- _MATERIAL PROVIDED_

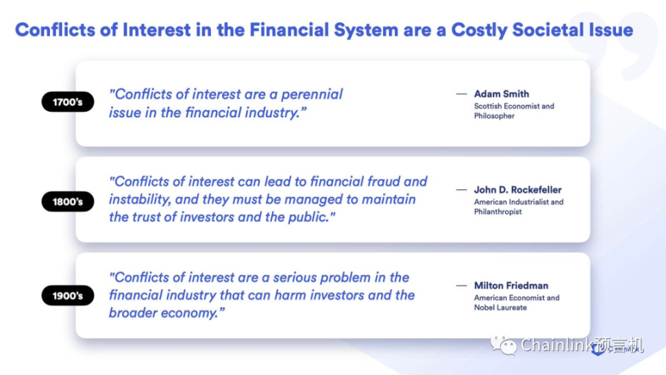 • 所有金融体系的一个关键问题是它们无法解决利益冲突,这使更强大的群体总能从更弱势的群体那里窃取资金。这种利益冲突问题是所有受金融市场支持的经济体中长期存在的问题。
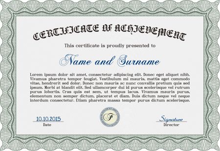 Certificate, Diploma of completion; design template with guilloche pattern, border, frame.
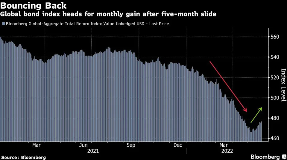 根据彭博编撰的指数,全球投资级债券在5月份的回报率接近1%,料将录得自去年7月以来的首次月线上涨;美国国债预计也将迎来自去年11月以来的最佳月度表现;此外,一项衡量全球企业债务的指标预计将出现去年7月份以来的最大涨幅,而从墨西哥到马来西亚等新兴市场国家的主权债务也普遍呈现涨势。
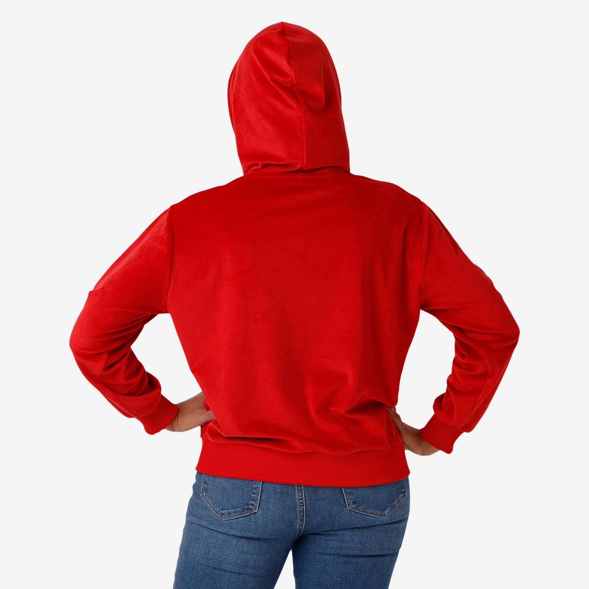 Soft. Warm. And yours to add to your gameday fit. The San Francisco 49ers Women's Velour Hooded Sweatshirt is just what you need to stay comfortable no matter what gameday brings.
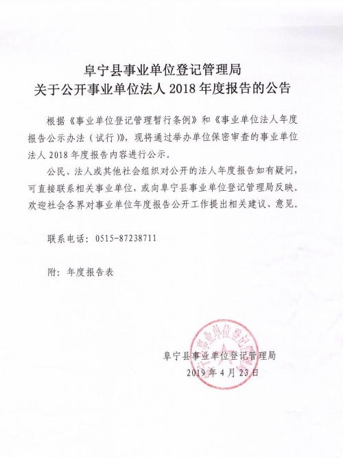 阜宁县事业单位登记管理局关于公开事业单位法人2018年度报告的公告
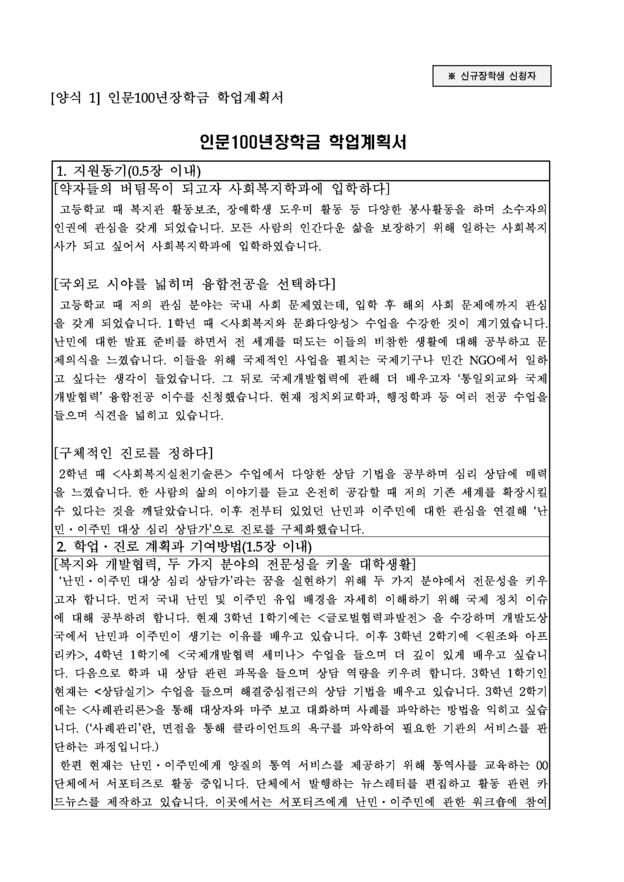 인문 100년 장학금 학업계획서 (전공확립 1유형 선정)
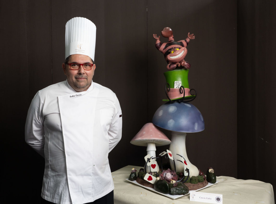 Fabio Cascio, pasticciere di Cento, Ferrara, ha stupito la giuria e conquistato l’oro con una pièce in cioccolato che raffigura il celebre stregatto di Alice nel paese delle meraviglie. L’opera, colorata con burro di cacao e sviluppata in altezza, ricrea il cappello del Cappellaio Matto e le ambientazioni magiche della fiaba in maniera equilibrata e leggera.
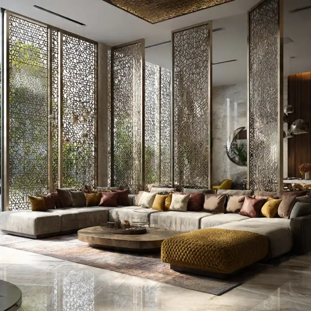 Use decorative open lattice or metal partitions to separate seating zones without blocking light. They create a subtle division while maintaining flow. Add low furniture to keep sightlines open. This layout balances privacy and spaciousness.
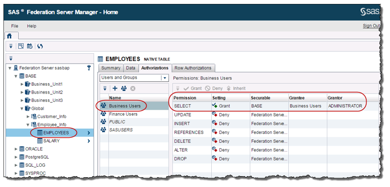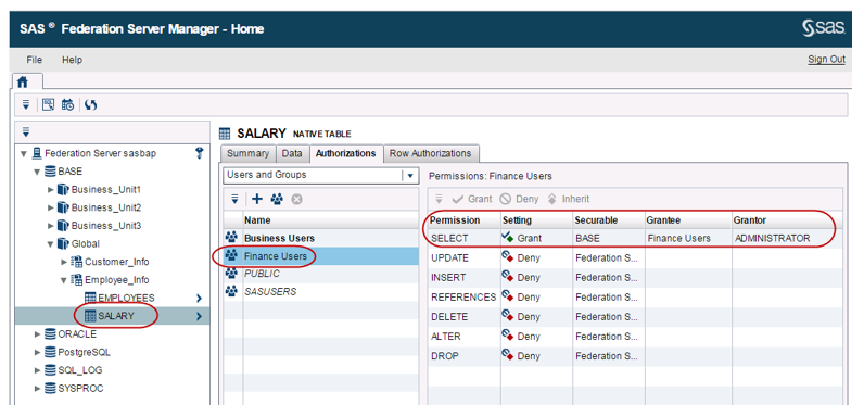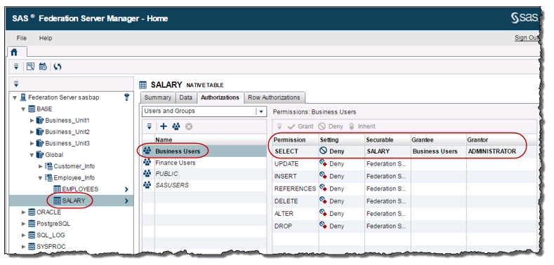 For the SALARY table, the SAS Federation Server Administrator has explicitly denied the SELECT permission for the Business Users group whereas the Finance Users groups has inherited the Grant setting for the SELECT permission on the SALARY table.
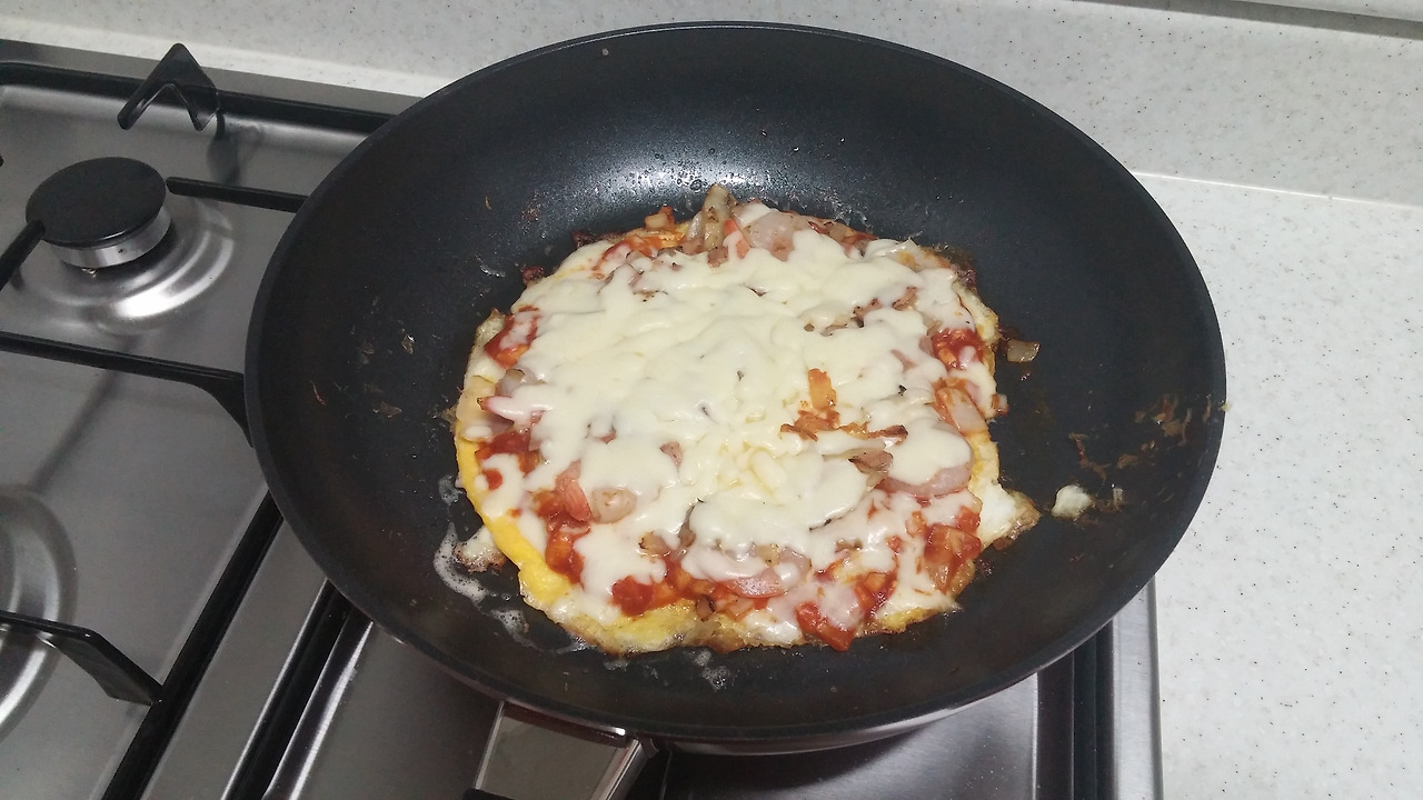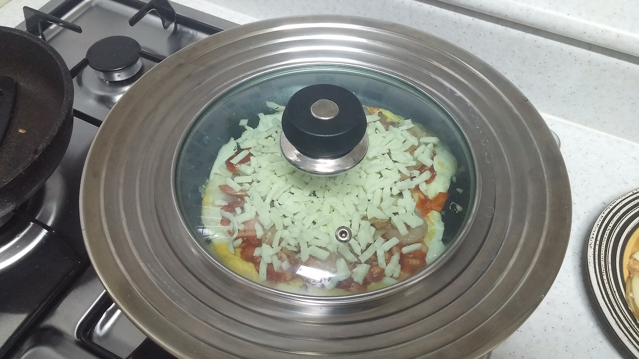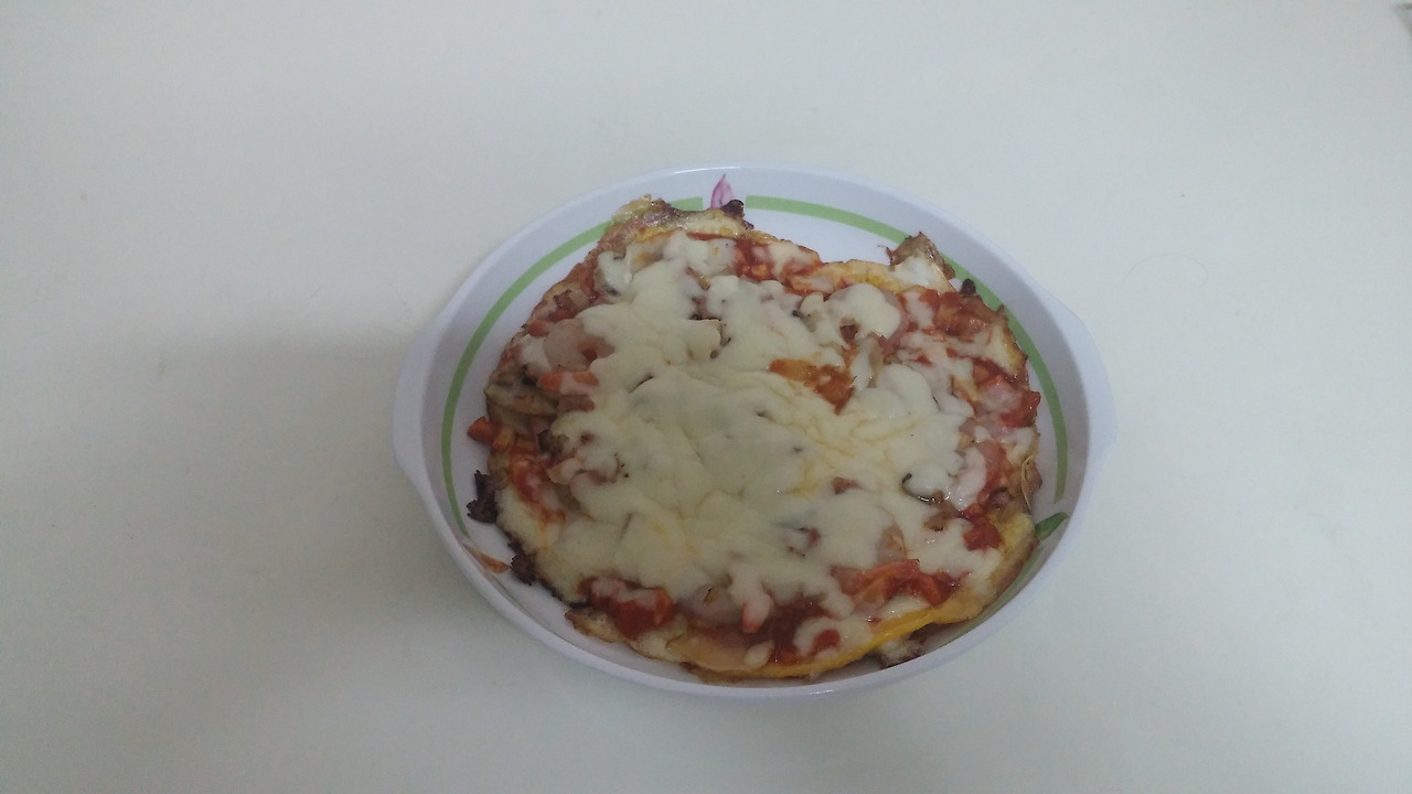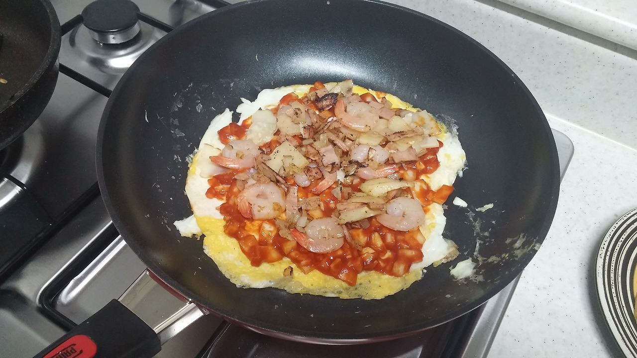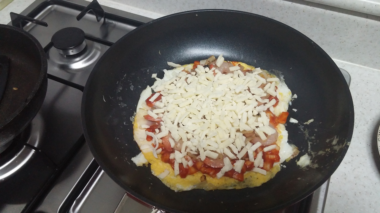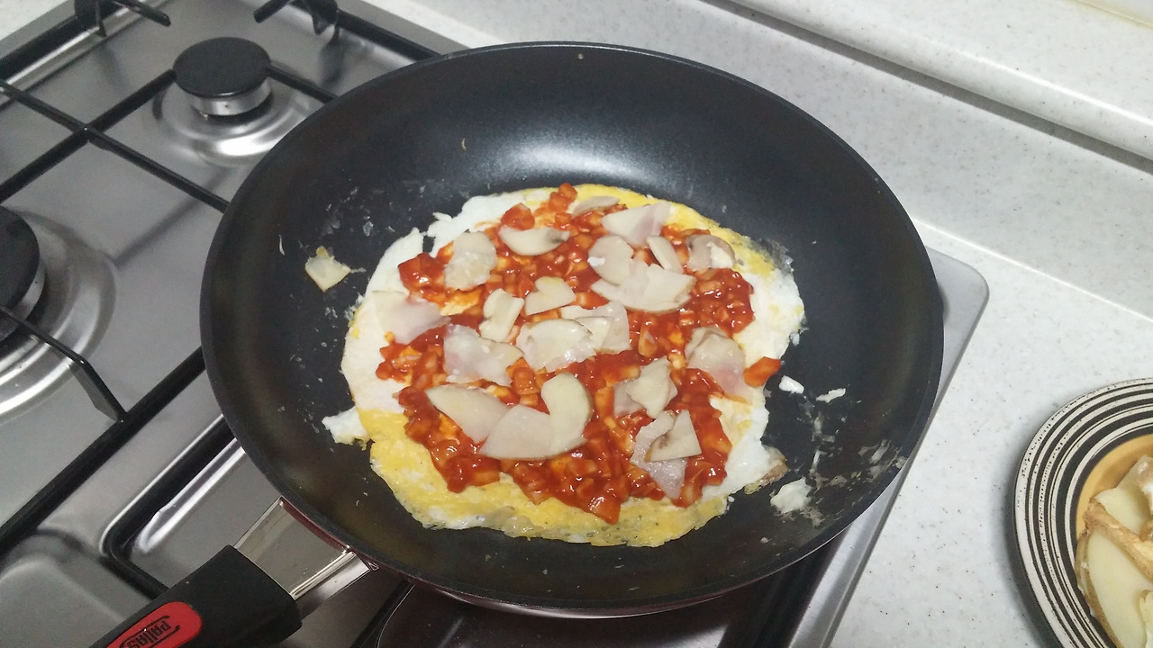 아까 소스에 양파를 넣고 계란 위에 펴주고 감자를 올려줍니다. 사진이 더럽네요... 아직 뒤집기를 잘 못해요...

- _TASK PROMPT_
In the listing above, find the line with "Certificate, Diploma of" and the line with "Fabio Cascio, pasticciere". Set down both and every line between them, minus the pictures.

- _RESPONSE BOX_
 Certificate, Diploma of completion; design template with guilloche pattern, border, frame.
 根据彭博编撰的指数,全球投资级债券在5月份的回报率接近1%,料将录得自去年7月以来的首次月线上涨;美国国债预计也将迎来自去年11月以来的最佳月度表现;此外,一项衡量全球企业债务的指标预计将出现去年7月份以来的最大涨幅,而从墨西哥到马来西亚等新兴市场国家的主权债务也普遍呈现涨势。
 Soft. Warm. And yours to add to your gameday fit. The San Francisco 49ers Women's Velour Hooded Sweatshirt is just what you need to stay comfortable no matter what gameday brings.
 阜宁县事业单位登记管理局关于公开事业单位法人2018年度报告的公告
 인문 100년 장학금 학업계획서 (전공확립 1유형 선정)
 Fabio Cascio, pasticciere di Cento, Ferrara, ha stupito la giuria e conquistato l’oro con una pièce in cioccolato che raffigura il celebre stregatto di Alice nel paese delle meraviglie. L’opera, colorata con burro di cacao e sviluppata in altezza, ricrea il cappello del Cappellaio Matto e le ambientazioni magiche della fiaba in maniera equilibrata e leggera.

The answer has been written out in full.